* [What is needed]:
All of the data below should be set down again verbatim, without any images.

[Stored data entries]
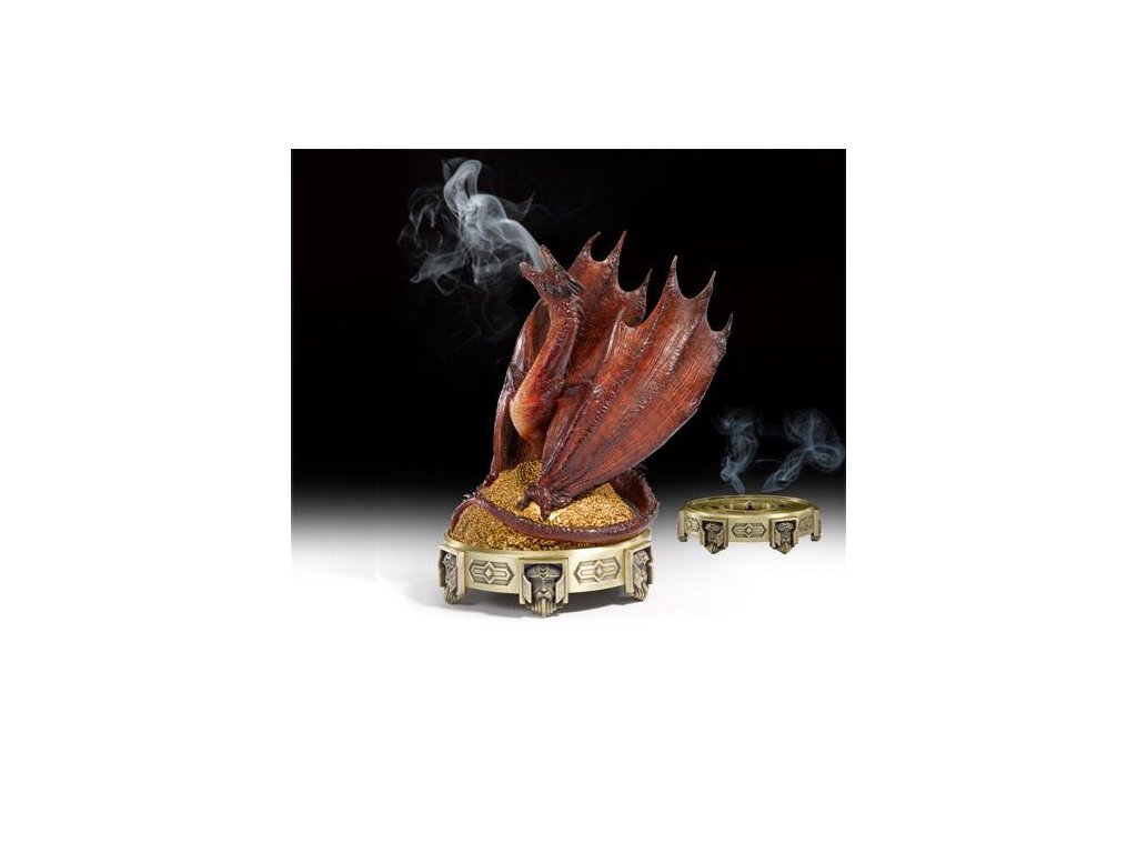 A Noble kollekcióból származik ez a finoman részletezett és kézzel festett füstölőtartó. Egyszerűen helyezze a füstölőt a fém talapzatba, és nézze, ahogy a füst kiszabadul a Shmaug szájából. A füstölő nem tartozék!Kiegészítő paraméterek
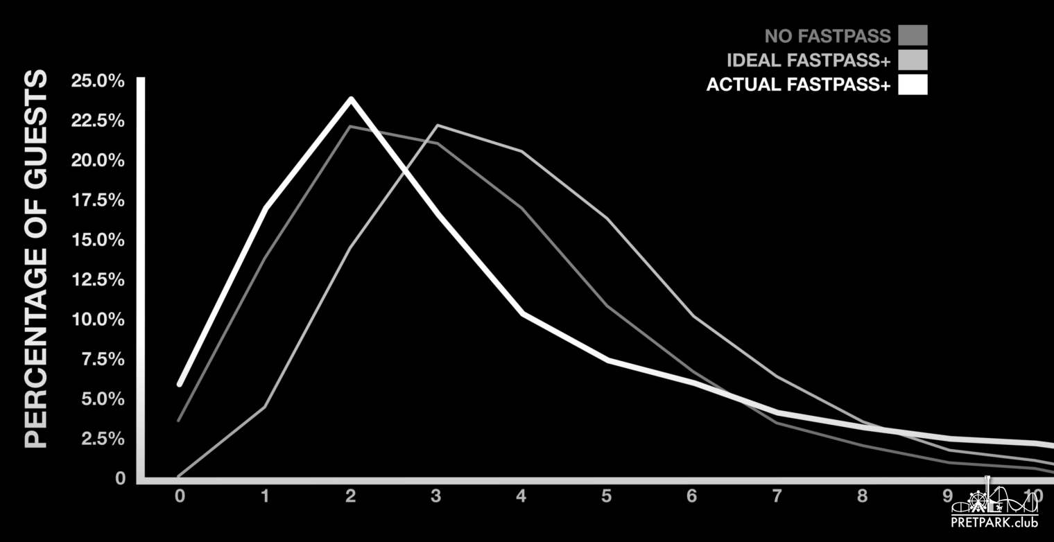 Ze rekenen het virtueel wachten inderdaad niet mee als wachten (wat niet onterecht is) en het gemiddeld aantal attracties gaat omhoog omdat er meer infills gedaan worden.
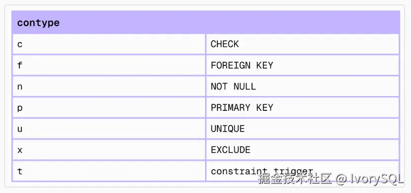在 pg_constraint 中,使用 CREATE CONSTRAINT TRIGGER 创建的约束触发器同样会生成记录,其 contype 标记为 t。常见约束如 UNIQUE 为 u,CHECK 为 c。
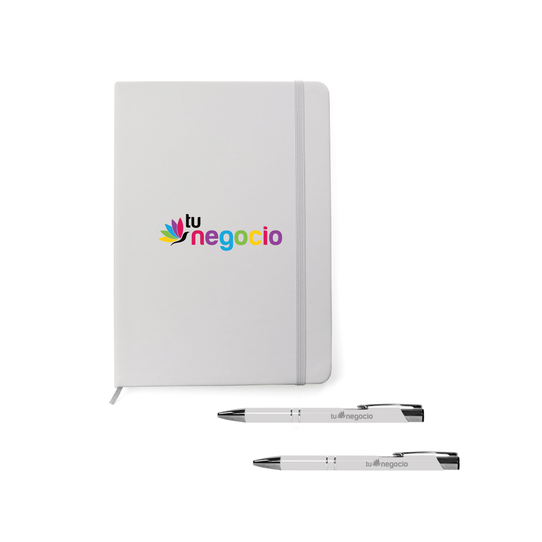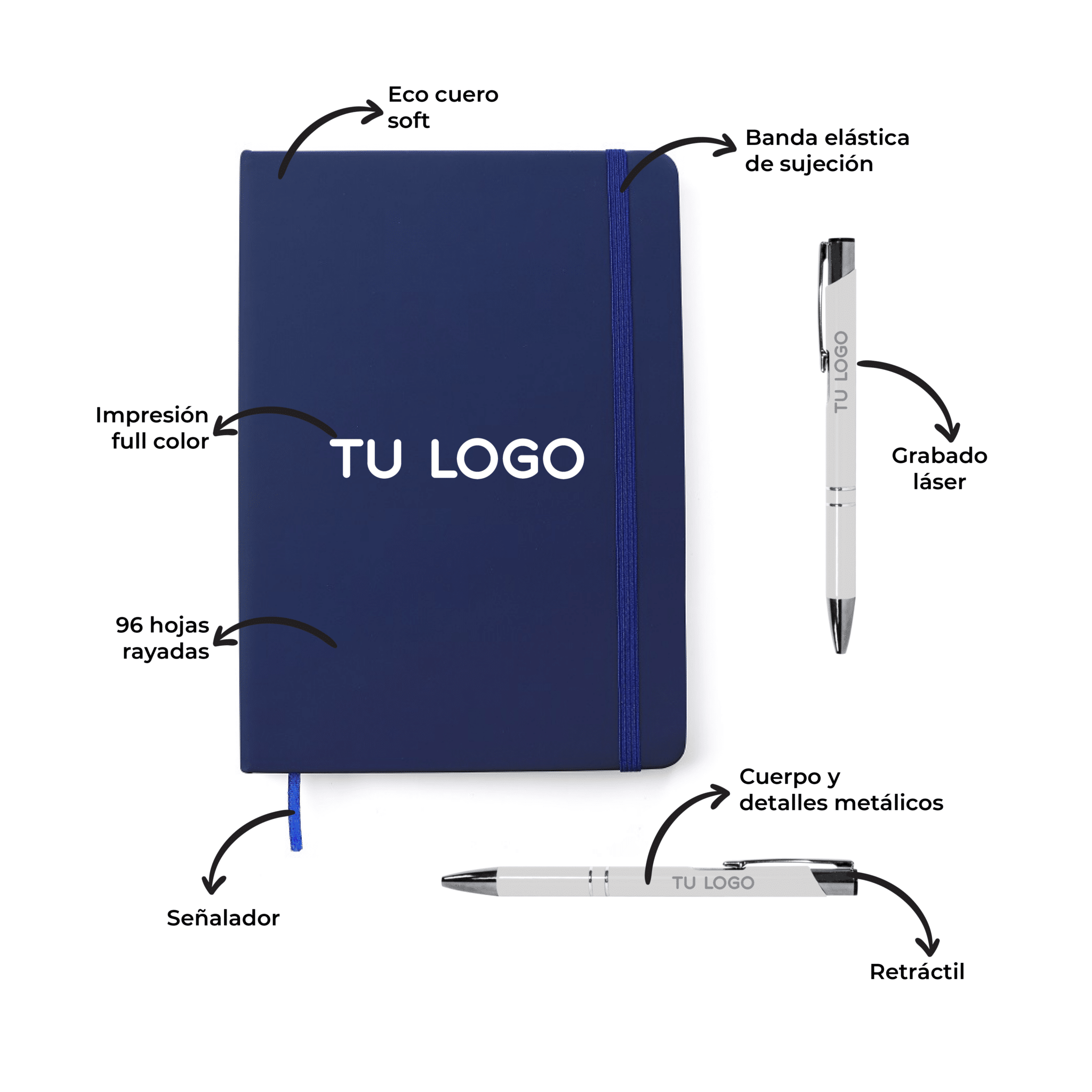 Set corporativo en caja laminada mate de papel. Cuenta con un cuaderno A5 de hojas rayadas, bolígrafo roller y una botella reutilizable de acero inoxidable con una capacidad de 350ml. Es ideal para regalos corporativos, kits de bienvenida, acciones promocionales o para uso ejecutivo diario.
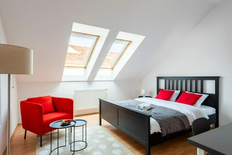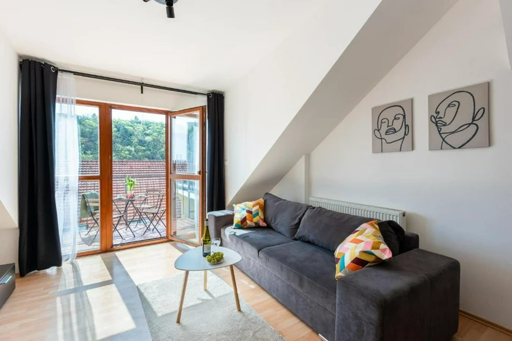 Smichov is one of the most desirable locations in Prague, not only due to its excellent amenities, but also due to its proximity to the Nový Smichov shopping centre and cultural monuments. The Bertramka tram stop is just a 1-minute walk from the house and within one stop you can reach Anděl - one of the most important transport hubs and shopping centres in Prague.

* [The answer]:
 A Noble kollekcióból származik ez a finoman részletezett és kézzel festett füstölőtartó. Egyszerűen helyezze a füstölőt a fém talapzatba, és nézze, ahogy a füst kiszabadul a Shmaug szájából. A füstölő nem tartozék!Kiegészítő paraméterek
 Ze rekenen het virtueel wachten inderdaad niet mee als wachten (wat niet onterecht is) en het gemiddeld aantal attracties gaat omhoog omdat er meer infills gedaan worden.
在 pg_constraint 中,使用 CREATE CONSTRAINT TRIGGER 创建的约束触发器同样会生成记录,其 contype 标记为 t。常见约束如 UNIQUE 为 u,CHECK 为 c。
 Set corporativo en caja laminada mate de papel. Cuenta con un cuaderno A5 de hojas rayadas, bolígrafo roller y una botella reutilizable de acero inoxidable con una capacidad de 350ml. Es ideal para regalos corporativos, kits de bienvenida, acciones promocionales o para uso ejecutivo diario.
 Smichov is one of the most desirable locations in Prague, not only due to its excellent amenities, but also due to its proximity to the Nový Smichov shopping centre and cultural monuments. The Bertramka tram stop is just a 1-minute walk from the house and within one stop you can reach Anděl - one of the most important transport hubs and shopping centres in Prague.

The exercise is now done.